Ahora, si contrastamos estas figuras con el panorama político actual, el desaliento es casi inmediato. La reciente confrontación entre los líderes del PSOE y el PP, que más que un debate pareció una pelea en un patio de colegio, ha dejado una huella negativa en la percepción pública. Interrupciones constantes, ataques personales, datos contradictorios sin verificación y un espectáculo de hostilidad que eclipsó cualquier intento de discusión constructiva.

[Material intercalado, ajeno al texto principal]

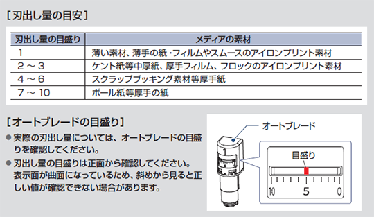 カットするメディアの厚みより若干多く刃が出るように設定してください。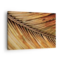 Tablou pe pânză Canvas - Prim-plan al unei frunze de palmier uscate în tonuri calde - 70x50cm - Aur de nucă de cocos - Decorațiune modernă pentru perete pentru living și dormitor ARTTOR

Los espectáculos de este tipo no deberían ser la norma en la esfera política. Las líderes y líderes deberían centrarse en debatir propuestas e ideas que beneficien a la sociedad, en lugar de enredarse en confrontaciones que no aportan nada sustancial. La falta de moderación y la aparente incapacidad para mantener el orden durante el debate sólo sirven para desacreditar aún más a nuestra clase política.
La realidad es que el estado de nuestra clase política es un reflejo directo de la sociedad que las elige y las respalda. A medida que nuestras sociedades se han vuelto más polarizadas, nuestros líderes políticos parecen haber adoptado la misma actitud divisiva. En lugar de buscar un terreno común, estamos obsesionados con la demonización del «otro», olvidando que todas y todos formamos parte de una misma comunidad.
Los comentarios y reacciones en las redes sociales son un claro indicador de este problema. Durante el debate, en lugar de exigir discusiones sustanciales sobre temas importantes como la sanidad, la educación, la crisis climática, los derechos humanos y las políticas sociales, entre otros, gran parte del público parecía más interesado en los momentos de tensión y confrontación.
En este sentido, el periodista Jordi Évole apuntó con sus tuits críticos a la esencia del problema. La falta de condena de Feijoo al eslogan ofensivo “Que te vote Txapote”, y la idea de que los ausentes en el debate (referencia a Yolanda Díaz) podrían ser los verdaderos ganadores, pone en relieve la pobreza de nuestro discurso político.
Cabe preguntarse, ¿es esto lo que nos merecemos? ¿O simplemente es lo que obtenemos cuando renunciamos a la responsabilidad de exigir más de nuestros líderes y de nosotras y nosotros mismos? Quizás es hora de que comencemos a esperar más de nuestras políticas y políticos, a desafiar los discursos de odio y división y a promover un debate constructivo y basado en hechos.
En palabras de George Orwell en su obra ‘1984’: «En una época de engaño universal, decir la verdad es un acto revolucionario». Tal vez necesitamos más de estas «revoluciones» en nuestra política y en nuestra sociedad. Necesitamos líderes que se atrevan a decir la verdad, a enfrentarse a los bulos y a las noticias falsas, y a defender las necesidades y derechos de todas y todos, sin excepción.
Por último, pero no menos importante, nos necesitamos a nosotras y nosotros mismos dispuestos a cambiar, a exigir más, y a ser partícipes activos en la construcción de una sociedad más justa, equitativa e inclusiva. Porque, al final del día, la clase política que tenemos es la que, consciente o inconscientemente, hemos permitido tener. Y si queremos algo mejor, el cambio debe comenzar por nosotras y nosotros mismos.